Sure, money needs to be there to support veterans during treatment, but the trouble is that cash isn't being used towards the treatment and the impacted. To reduce the overall event of impairment, authorities need to ensure money is being effectively spent on providing treatment to the changed. It's rather simple really -- to get your disability payments you truly partaking towards recovery and must be attending therapy. Once deemed recuperated by the therapist, aid towards re-employment training and then full employment opportunities.

Impairment is subsequently used effectively, and those who are actually resistant after years of therapy then stay on disability. Keep supplying them the support they want, and you've decreased the weight that is longevity by a minimum of 60% yearly capital. Well... unless you keep sending troops into idiotic wars, that's.

Reintegration employment stigmatization

A more urgent problem for veterans, especially those who are ready to transition to employment once again, employable, have cured and are functional, is that PTSD knowledge has reached employers. These employers are discriminating when learning of military history on cvs and have inaccurate beliefs of PTSD sufferers. Employers are now asking questions which are not permitted to be asked relating to mental health. They're passing over battle veterans on the assumption that PTSD may become an issue for them as an employer.

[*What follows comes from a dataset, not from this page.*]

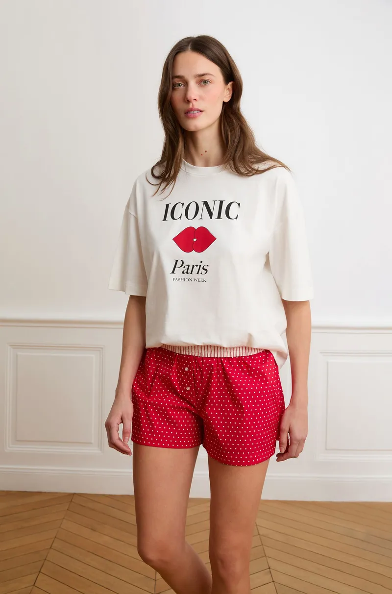 BOYFRIEND - Striped and heart-print cotton pajama shorts-RED-M

If authorities get their act together and do figure out how to shift the present strategy of treating battle veteran PTSD an awareness media campaign would additionally have to be established -- or motivators to hire span, battle veterans -- to thwart the erroneous blot associated with PTSD.

Families are collateral damage

Lastly, the forgotten in all this is the family behind the veteran. They desire access to government-assisted support in relation to fight veterans. Siblings, parents and spouses want help in how exactly to help their fight veteran that is affected. They desire self-care support. They need access to educational tools to help get their combat veteran back on course in life, towards stability and employment.

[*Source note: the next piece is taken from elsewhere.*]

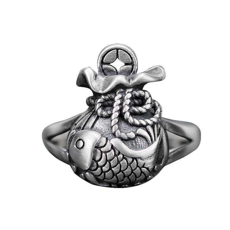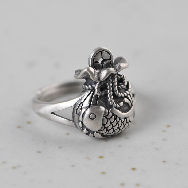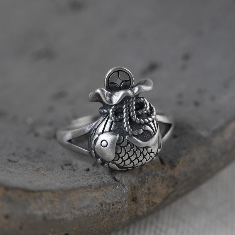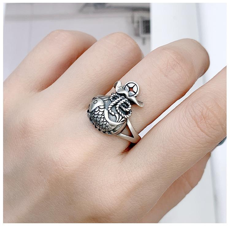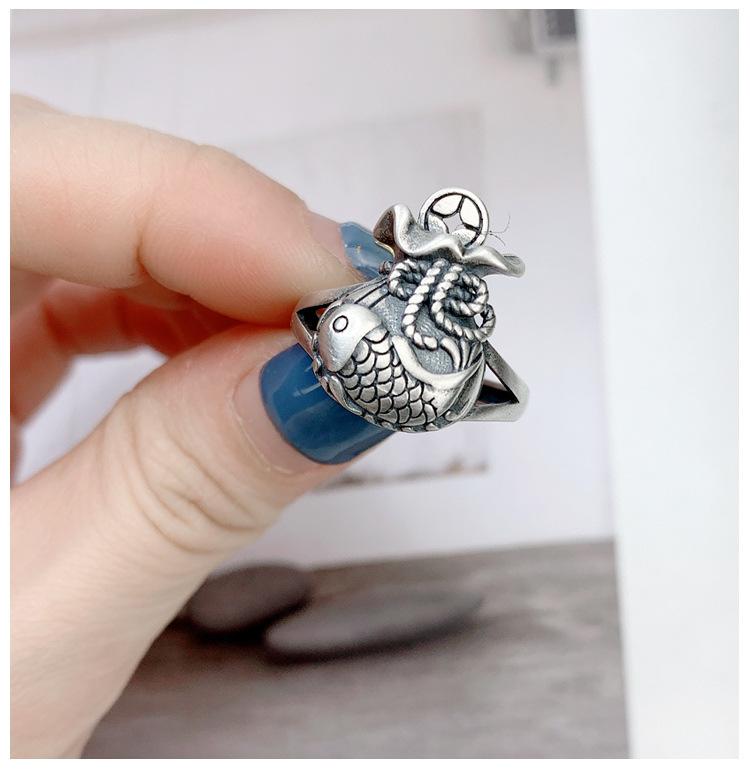 Monedero retro de plata tailandesa anillo de pez de la suerte personalidad antiguo hacer viejo simple anillo abierto para el dedo índice fabricantes femeninos venta al por mayor

Family play a bigger role in helping their loved one back to health than therapists, but they can't do it alone. With an approximate 80% divorce rate for serving employees, the PTSD divorce rate is much greater. Having combat veterans left their family, or vice versa, is not helping the veteran, family, community or market. A snowball effect occurs with far reaching impact.

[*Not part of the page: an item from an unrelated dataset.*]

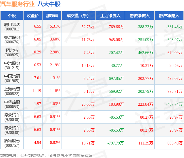 个股表现方面,汽车服务行业当日领涨股为厦门信达(000701),该股当日报收6.55,上涨5.31%,成交量52.75万,主力资金净流入769.66万元。交运股份(600676)以上涨3.6%紧随其后,该股当日成交量11.76万,主力资金净流入945.06万元。除此之外,阿尔特(300825)、中汽股份(301215)、中国汽研(601965)均进入当日牛股之列。具体个股列表见下表:

Whether online support structures are in place for schooling, access to free copies of popular PTSD relationship novels, telephone counselling support, even video conferencing and on-line support groups, all of these resources assist assistants to band together, help each other, and help themselves towards helping their veteran.

Judgment

There are some rather big problems that presently are just getting worse. Things need to change as the present strategy is a dismal failure. We have effective treatments available. They just need time, cash and locality enactment for effectiveness: more official resources accessible online, campaigns targeting the stigma of PTSD and use the truth to blanket the myths that propagate the discrimination and maybe even motivators to apply battle veterans.

What can you add towards solving the veteran PTSD crisis? Do you feel there's a bigger problem at play that we haven't mentioned? Please share your ideas and maybe, just maybe, someone that issues might take initiative and implement the change needed to fix the issue.